Leaving the pictures aside, return all of the data below exactly.

Data section:
=== Begin Enclosure ===
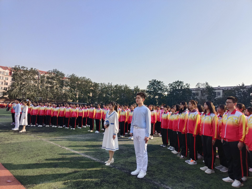 KY开元集团官网于2021年10月18日在学院路校区举行了升旗仪式。党总支书记马广宽、副院长陈伟莲、党总支副书记鲁芳、学工办主任曹丽娜、团总支书记王文娟,以及学院路校区2021级全体新生参加了此次活动。
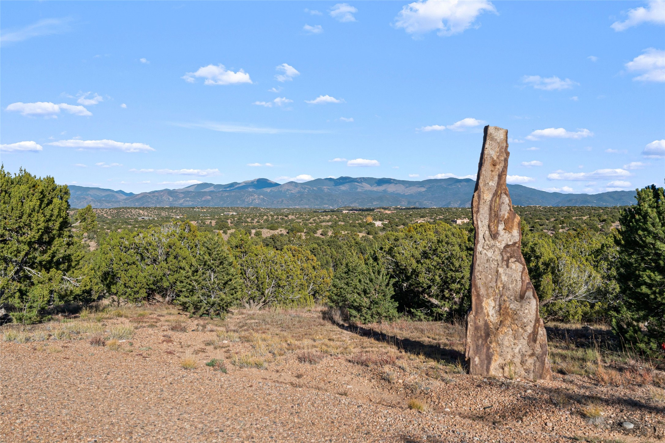 Private La Tierra custom home topping 12 Pinion and Juniper covered acres, set high to capture panoramic Jemez and Sangre de Cristo Mountain views. Experience exceptional privacy and independence just 15 minutes from downtown Santa Fe. Combining modern design with classic New Mexico craftsmanship, this unique property offers a rare balance of seclusion and easy access to Santa Fe's world-class restaurants, galleries, and culture. The main residence showcases soaring ceilings, wide-plank pine and flagstone floors, and handcrafted Saltillo tile details. Walls of glass bathe the interior in natural light and frame sweeping vistas in every direction, creating an atmosphere of calm and inspiration. Currently configured as a three-bedroom home, the flexible layout includes a spacious home office easily convertible to a fourth bedroom, a second office or studio and a dedicated exercise room, a stunning west-facing sunroom perfect for year-round enjoyment of the sunset skies, a luxurious owner's suite with kiva fireplace, high ceilings, and extraordinary Sangre views. Outdoors, a Japanese-inspired courtyard offers serenity and shade. Keep up to four horses with ample space to add a barn or equestrian facilities. Birdwatching at it's best, from inside or outside. Recent Upgrades & Highlights include New stucco (2024) and new flat roof (2025) with transferrable 12-year warranty, Solar electricity system (9 kW ground-mounted, installed 2022 by Positive Energy Solar), Standing-seam pitched roof with high decked ceilings, Forced air & mini-split A/C for year-round comfort, New KitchenAid & Bosch appliances, Silestone countertops, Pre-inspected and lovingly maintained, Septic system sized for four bedrooms. This La Tierra retreat offers a lifestyle of quiet sophistication--a private mountain-view sanctuary minutes from the heart of Santa Fe. Watch the video tour for the full story.
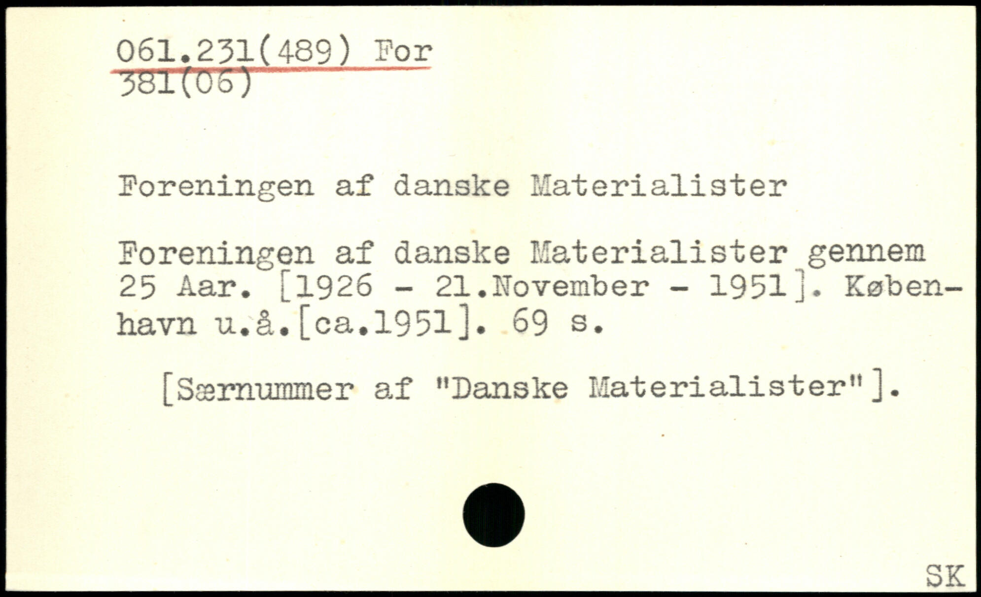 iBiCUSl- Foreningen af danske Materialister Foreningen af danske Materialister gennem 25 Aar. [1926 - 21.November - 1951j. København u.å. [ca. 1951].
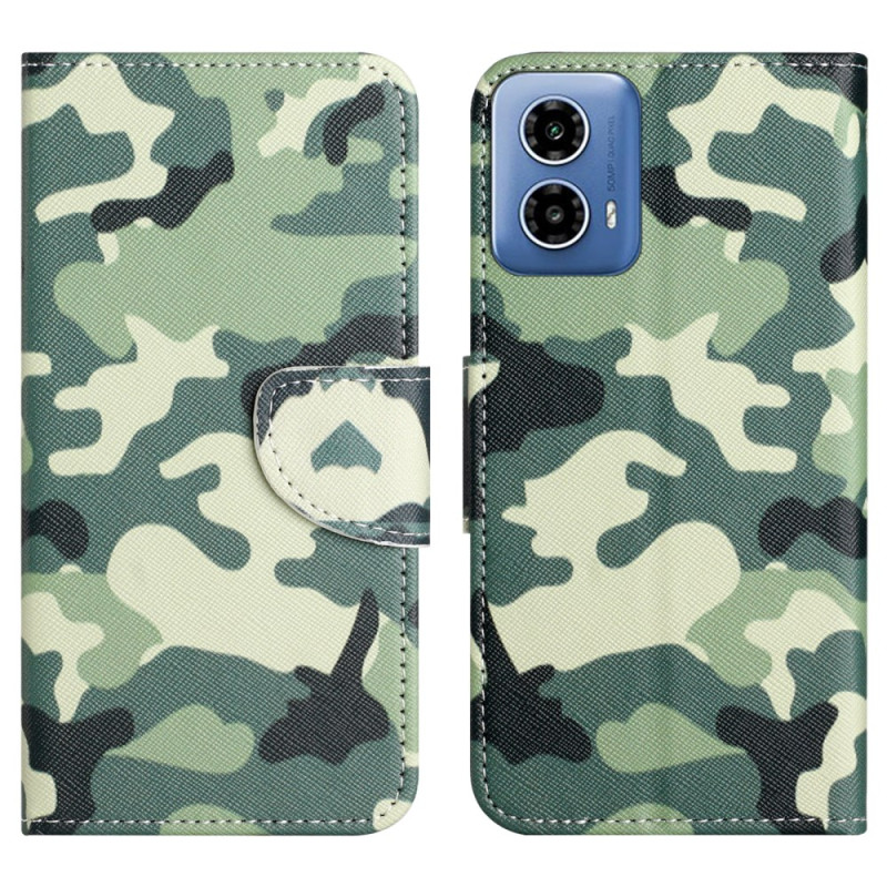Tutustu tyylikkääseen ja toimivaan lompakkokoteloon Motorola Moto G24 Power -puhelimelle. Laadukkaasta PU-nahasta valmistettu suojakotelo tarjoaa täydellisen suojan kuvioidulla muotoilullaan ja ainutlaatuisella naamiointikuviollaan.
=== End Enclosure ===
Solution to the exercise:
 KY开元集团官网于2021年10月18日在学院路校区举行了升旗仪式。党总支书记马广宽、副院长陈伟莲、党总支副书记鲁芳、学工办主任曹丽娜、团总支书记王文娟,以及学院路校区2021级全体新生参加了此次活动。
 Private La Tierra custom home topping 12 Pinion and Juniper covered acres, set high to capture panoramic Jemez and Sangre de Cristo Mountain views. Experience exceptional privacy and independence just 15 minutes from downtown Santa Fe. Combining modern design with classic New Mexico craftsmanship, this unique property offers a rare balance of seclusion and easy access to Santa Fe's world-class restaurants, galleries, and culture. The main residence showcases soaring ceilings, wide-plank pine and flagstone floors, and handcrafted Saltillo tile details. Walls of glass bathe the interior in natural light and frame sweeping vistas in every direction, creating an atmosphere of calm and inspiration. Currently configured as a three-bedroom home, the flexible layout includes a spacious home office easily convertible to a fourth bedroom, a second office or studio and a dedicated exercise room, a stunning west-facing sunroom perfect for year-round enjoyment of the sunset skies, a luxurious owner's suite with kiva fireplace, high ceilings, and extraordinary Sangre views. Outdoors, a Japanese-inspired courtyard offers serenity and shade. Keep up to four horses with ample space to add a barn or equestrian facilities. Birdwatching at it's best, from inside or outside. Recent Upgrades & Highlights include New stucco (2024) and new flat roof (2025) with transferrable 12-year warranty, Solar electricity system (9 kW ground-mounted, installed 2022 by Positive Energy Solar), Standing-seam pitched roof with high decked ceilings, Forced air & mini-split A/C for year-round comfort, New KitchenAid & Bosch appliances, Silestone countertops, Pre-inspected and lovingly maintained, Septic system sized for four bedrooms. This La Tierra retreat offers a lifestyle of quiet sophistication--a private mountain-view sanctuary minutes from the heart of Santa Fe. Watch the video tour for the full story.
 iBiCUSl- Foreningen af danske Materialister Foreningen af danske Materialister gennem 25 Aar. [1926 - 21.November - 1951j. København u.å. [ca. 1951].
Tutustu tyylikkääseen ja toimivaan lompakkokoteloon Motorola Moto G24 Power -puhelimelle. Laadukkaasta PU-nahasta valmistettu suojakotelo tarjoaa täydellisen suojan kuvioidulla muotoilullaan ja ainutlaatuisella naamiointikuviollaan.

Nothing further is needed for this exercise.